South Africa’s real gross domestic product expanded by 0.5% in the first quarter of 2026, beating market expectations of 0.3%, according to official data released by Statistics South Africa on Tuesday.
The positive performance marks the country’s sixth consecutive quarter of economic expansion, building on a revised 0.4% growth rate recorded in the final three months of 2025.
Broad-based gains drove the expansion, with nine out of ten industries reporting growth. The finance, real estate, and business services sector led the momentum, expanding by 0.9% during the period.
Agriculture, forestry, and fishing rebounded strongly by 3.9%, while the trade and transport sectors both grew by 0.7%. Mining output also rose on higher diamond and platinum group metal production.

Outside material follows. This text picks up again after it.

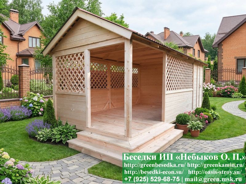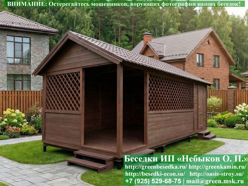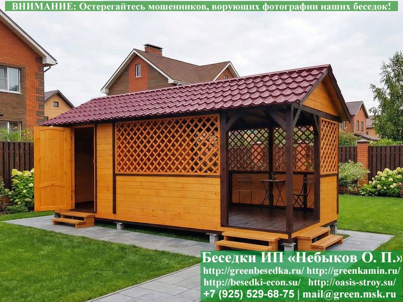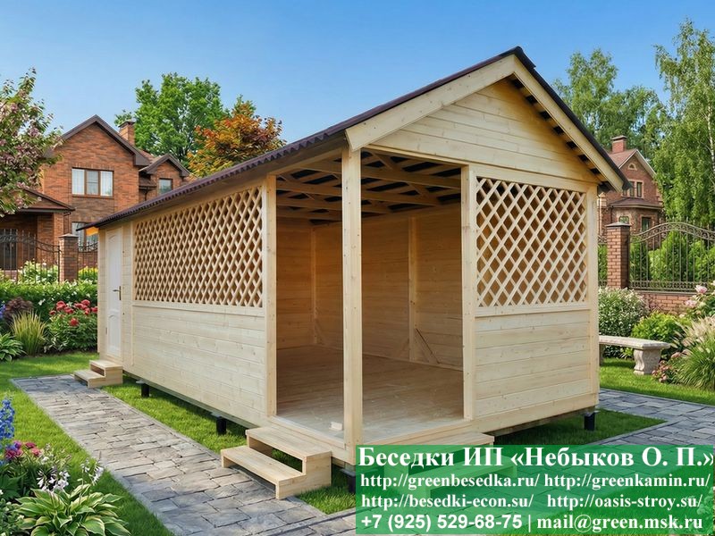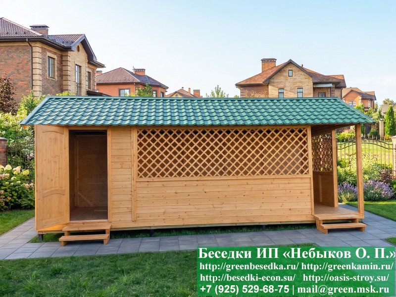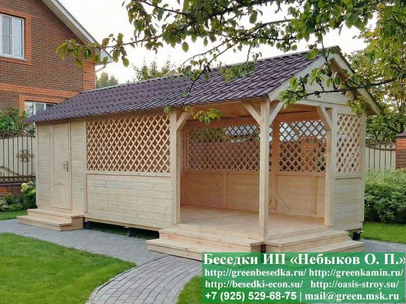 | Садовая беседка для дачи с хозблоком 3х7 метров. 7 метров глухая. Полузакрытая часть 3х5 или 3х4 метра. Хозблок 2х3 или 3х3 метра. Основание под кровлю — Глухая имитация бруса: | 400 000 руб. |

Conversely, manufacturing remained a major drag on the index, contracting by 1.0% to register its second straight quarterly decline, heavily weighed down by petroleum and chemical product divisions.

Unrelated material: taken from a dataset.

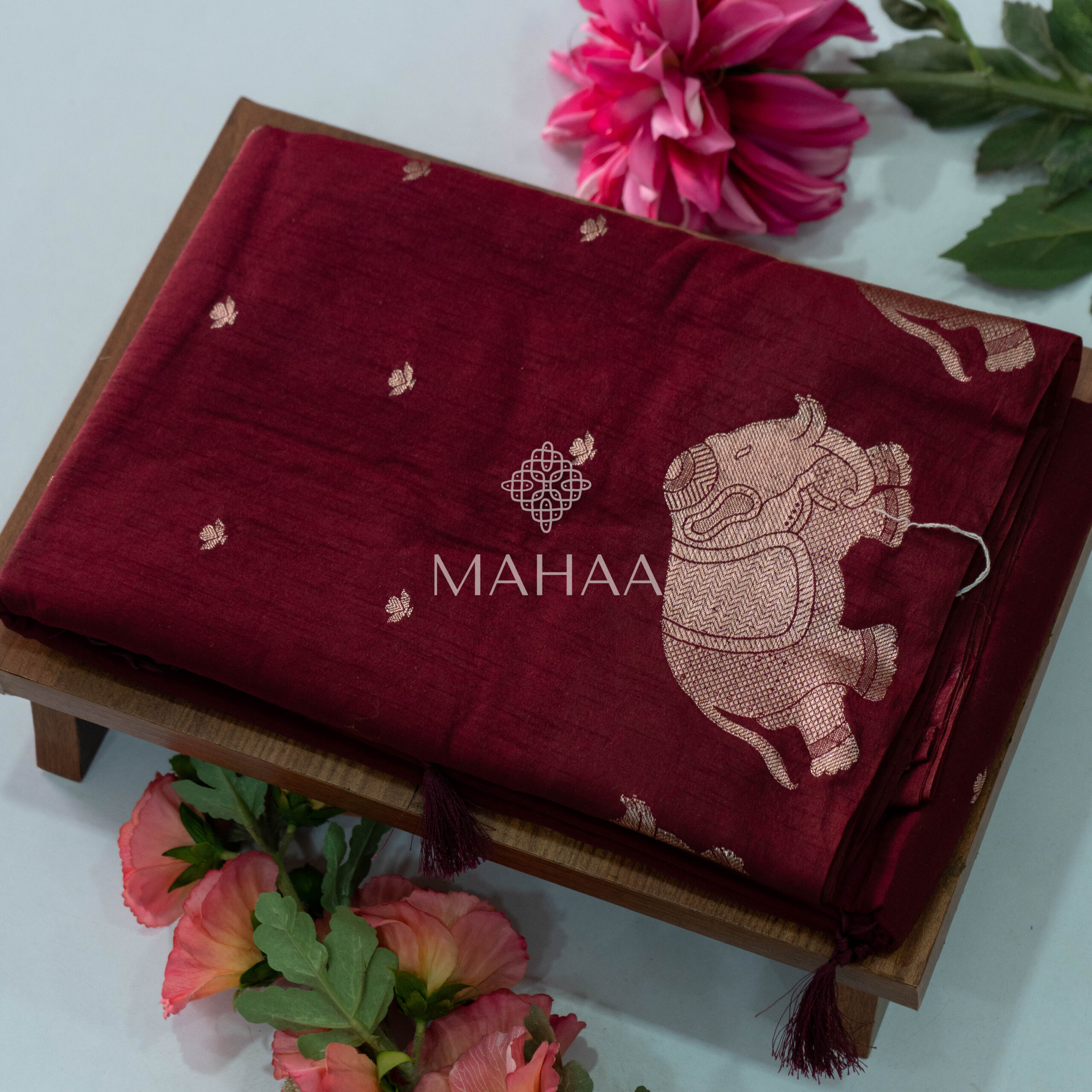 Exclusive semi tussar sarees with elephant border

Domestic demand showed underlying structural weakness as private sector fixed investment plummeted 4.9% quarter-on-quarter, prompting calls from opposition lawmakers for urgent structural reforms from economic ministers.
Despite the positive headline print, Statistics South Africa warned that the domestic economic outlook remains clouded by escalating external geopolitical shocks in the Middle East.
Officials noted the late February outbreak of the US-Iran war left Q1 data largely insulated, but predicted severe fuel price hikes would heavily impact second-quarter growth figures.
The South African Reserve Bank recently delivered a defensive interest rate hike and lowered its full-year 2026 growth forecast to 1.2% to anchor rising inflation expectations.
Economists project a sharp slowdown in subsequent quarters as compounding logistics costs, elevated interest rates, and soaring fuel prices pressure local consumers and depress broader business confidence.